Required work: Write out word for word each line from the one containing "[홍콩명품.LOUIS VUITTON] 루이비통" through the close of the listing, including both ends. Pictures do not belong in the copy.

Provided material:
Content starts

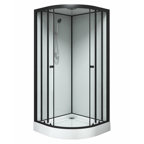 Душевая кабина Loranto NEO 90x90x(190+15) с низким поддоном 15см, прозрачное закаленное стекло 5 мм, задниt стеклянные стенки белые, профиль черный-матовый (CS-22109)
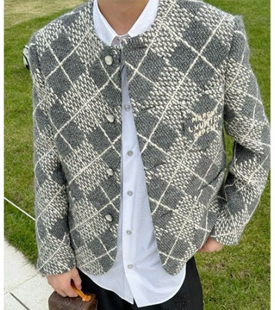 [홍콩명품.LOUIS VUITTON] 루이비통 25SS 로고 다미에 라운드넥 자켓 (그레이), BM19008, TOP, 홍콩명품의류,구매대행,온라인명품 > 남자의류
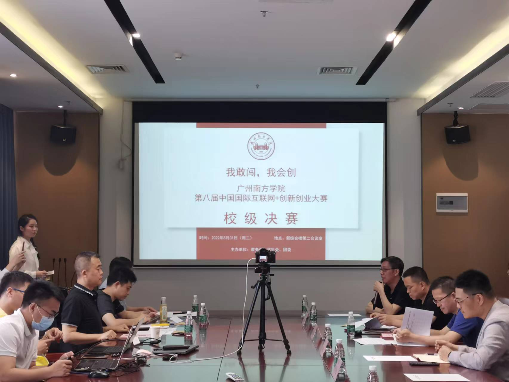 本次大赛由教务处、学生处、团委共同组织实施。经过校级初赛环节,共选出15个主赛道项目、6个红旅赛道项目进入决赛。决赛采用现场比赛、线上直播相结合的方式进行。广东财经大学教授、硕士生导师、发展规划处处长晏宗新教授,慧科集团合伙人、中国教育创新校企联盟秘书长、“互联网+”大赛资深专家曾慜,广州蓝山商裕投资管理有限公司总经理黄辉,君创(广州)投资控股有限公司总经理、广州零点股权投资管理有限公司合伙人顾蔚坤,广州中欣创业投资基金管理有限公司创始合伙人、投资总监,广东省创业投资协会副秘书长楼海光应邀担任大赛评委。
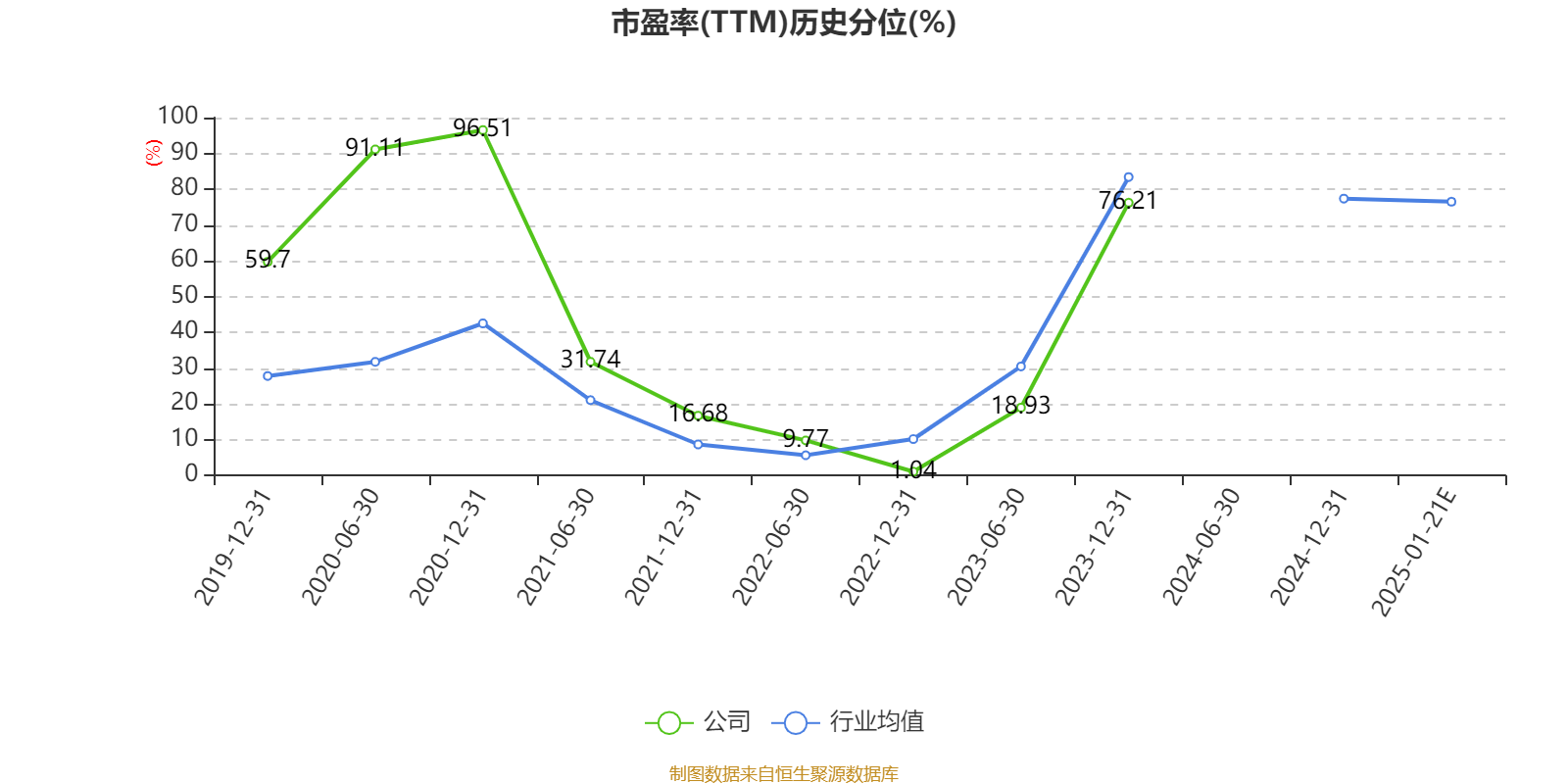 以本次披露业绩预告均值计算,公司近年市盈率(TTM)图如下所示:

Content ends

Result of the exercise:
 [홍콩명품.LOUIS VUITTON] 루이비통 25SS 로고 다미에 라운드넥 자켓 (그레이), BM19008, TOP, 홍콩명품의류,구매대행,온라인명품 > 남자의류
 本次大赛由教务处、学生处、团委共同组织实施。经过校级初赛环节,共选出15个主赛道项目、6个红旅赛道项目进入决赛。决赛采用现场比赛、线上直播相结合的方式进行。广东财经大学教授、硕士生导师、发展规划处处长晏宗新教授,慧科集团合伙人、中国教育创新校企联盟秘书长、“互联网+”大赛资深专家曾慜,广州蓝山商裕投资管理有限公司总经理黄辉,君创(广州)投资控股有限公司总经理、广州零点股权投资管理有限公司合伙人顾蔚坤,广州中欣创业投资基金管理有限公司创始合伙人、投资总监,广东省创业投资协会副秘书长楼海光应邀担任大赛评委。
 以本次披露业绩预告均值计算,公司近年市盈率(TTM)图如下所示:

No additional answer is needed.